## WHAT YOU NEED TO DO
Only an exact copy of the entries, stripped of pictures, will serve as the answer.

## INPUT FOR THIS TASK
- Opening Delimiter -

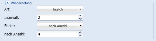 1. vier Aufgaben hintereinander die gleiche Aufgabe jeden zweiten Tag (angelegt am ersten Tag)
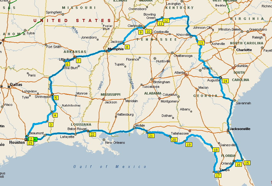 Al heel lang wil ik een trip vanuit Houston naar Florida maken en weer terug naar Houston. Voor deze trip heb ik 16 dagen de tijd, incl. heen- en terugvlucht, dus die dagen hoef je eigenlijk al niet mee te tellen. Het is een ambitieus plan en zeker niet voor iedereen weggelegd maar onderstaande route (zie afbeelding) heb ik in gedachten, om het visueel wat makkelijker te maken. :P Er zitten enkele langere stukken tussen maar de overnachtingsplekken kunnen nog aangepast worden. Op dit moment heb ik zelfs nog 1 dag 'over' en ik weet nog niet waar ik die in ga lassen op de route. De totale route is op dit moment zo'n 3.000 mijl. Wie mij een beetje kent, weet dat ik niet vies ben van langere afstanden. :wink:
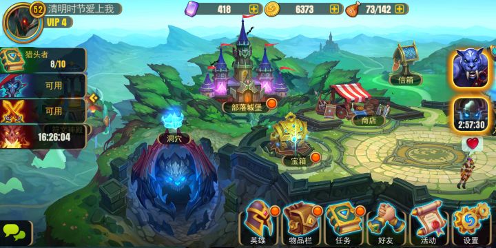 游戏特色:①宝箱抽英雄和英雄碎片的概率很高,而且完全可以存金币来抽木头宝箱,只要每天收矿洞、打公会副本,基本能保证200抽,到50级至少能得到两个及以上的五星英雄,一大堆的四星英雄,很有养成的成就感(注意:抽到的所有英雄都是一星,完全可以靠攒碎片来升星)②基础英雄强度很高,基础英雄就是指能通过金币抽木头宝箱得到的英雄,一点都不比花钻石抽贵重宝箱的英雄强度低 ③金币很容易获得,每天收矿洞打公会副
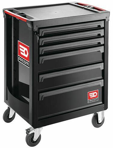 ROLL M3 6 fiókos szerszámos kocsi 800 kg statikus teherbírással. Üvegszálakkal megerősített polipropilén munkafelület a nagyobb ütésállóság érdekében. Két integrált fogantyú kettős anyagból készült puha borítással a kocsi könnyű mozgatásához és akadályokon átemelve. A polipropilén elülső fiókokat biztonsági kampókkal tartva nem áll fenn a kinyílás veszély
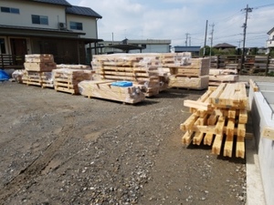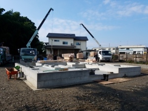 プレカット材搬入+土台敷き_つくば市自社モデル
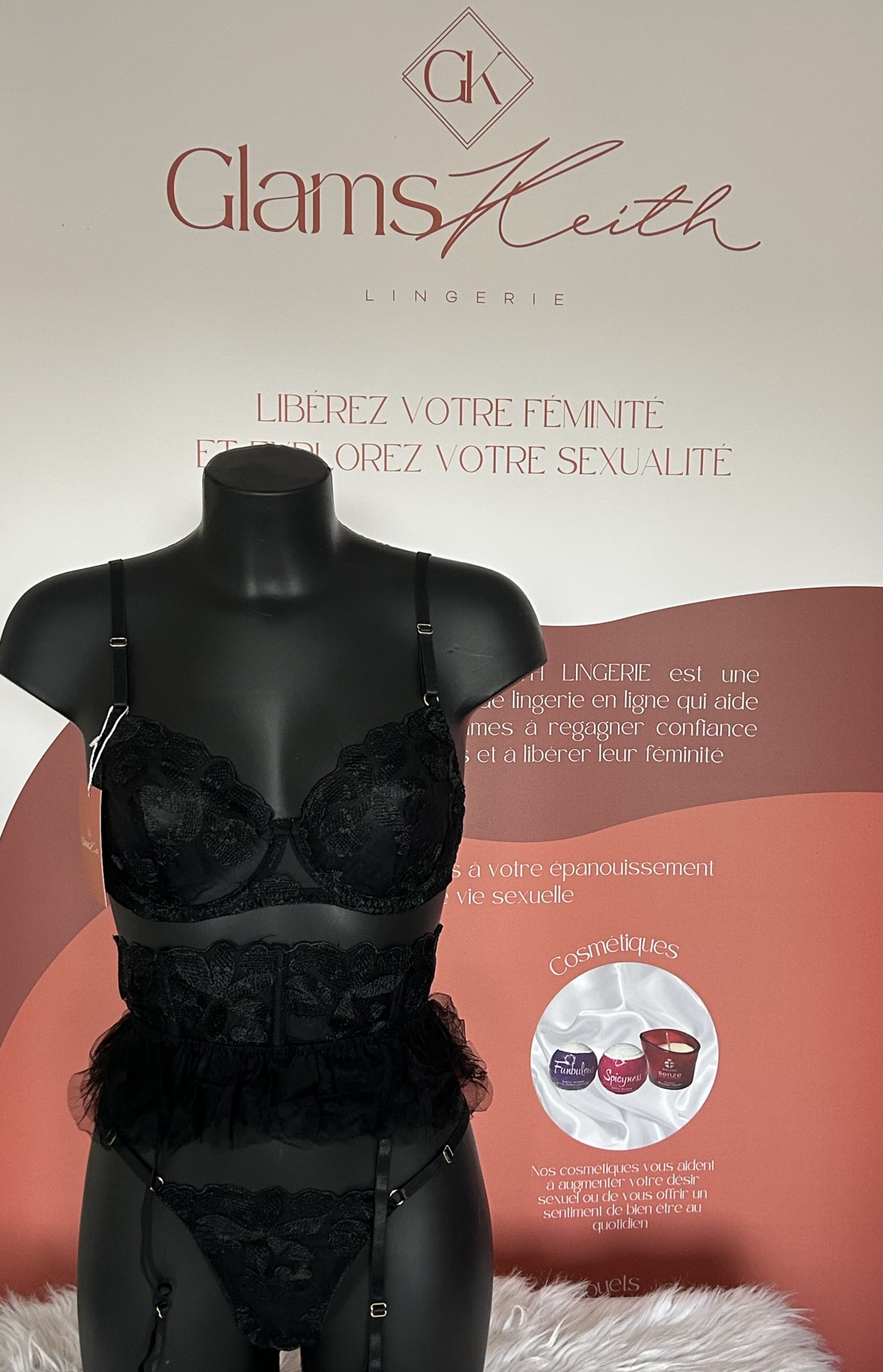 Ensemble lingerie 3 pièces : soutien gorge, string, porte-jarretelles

- Closing Delimiter -

## REPLY TO THE TASK
 1. vier Aufgaben hintereinander die gleiche Aufgabe jeden zweiten Tag (angelegt am ersten Tag)
 Al heel lang wil ik een trip vanuit Houston naar Florida maken en weer terug naar Houston. Voor deze trip heb ik 16 dagen de tijd, incl. heen- en terugvlucht, dus die dagen hoef je eigenlijk al niet mee te tellen. Het is een ambitieus plan en zeker niet voor iedereen weggelegd maar onderstaande route (zie afbeelding) heb ik in gedachten, om het visueel wat makkelijker te maken. :P Er zitten enkele langere stukken tussen maar de overnachtingsplekken kunnen nog aangepast worden. Op dit moment heb ik zelfs nog 1 dag 'over' en ik weet nog niet waar ik die in ga lassen op de route. De totale route is op dit moment zo'n 3.000 mijl. Wie mij een beetje kent, weet dat ik niet vies ben van langere afstanden. :wink:
 游戏特色:①宝箱抽英雄和英雄碎片的概率很高,而且完全可以存金币来抽木头宝箱,只要每天收矿洞、打公会副本,基本能保证200抽,到50级至少能得到两个及以上的五星英雄,一大堆的四星英雄,很有养成的成就感(注意:抽到的所有英雄都是一星,完全可以靠攒碎片来升星)②基础英雄强度很高,基础英雄就是指能通过金币抽木头宝箱得到的英雄,一点都不比花钻石抽贵重宝箱的英雄强度低 ③金币很容易获得,每天收矿洞打公会副
 ROLL M3 6 fiókos szerszámos kocsi 800 kg statikus teherbírással. Üvegszálakkal megerősített polipropilén munkafelület a nagyobb ütésállóság érdekében. Két integrált fogantyú kettős anyagból készült puha borítással a kocsi könnyű mozgatásához és akadályokon átemelve. A polipropilén elülső fiókokat biztonsági kampókkal tartva nem áll fenn a kinyílás veszély
 プレカット材搬入+土台敷き_つくば市自社モデル
 Ensemble lingerie 3 pièces : soutien gorge, string, porte-jarretelles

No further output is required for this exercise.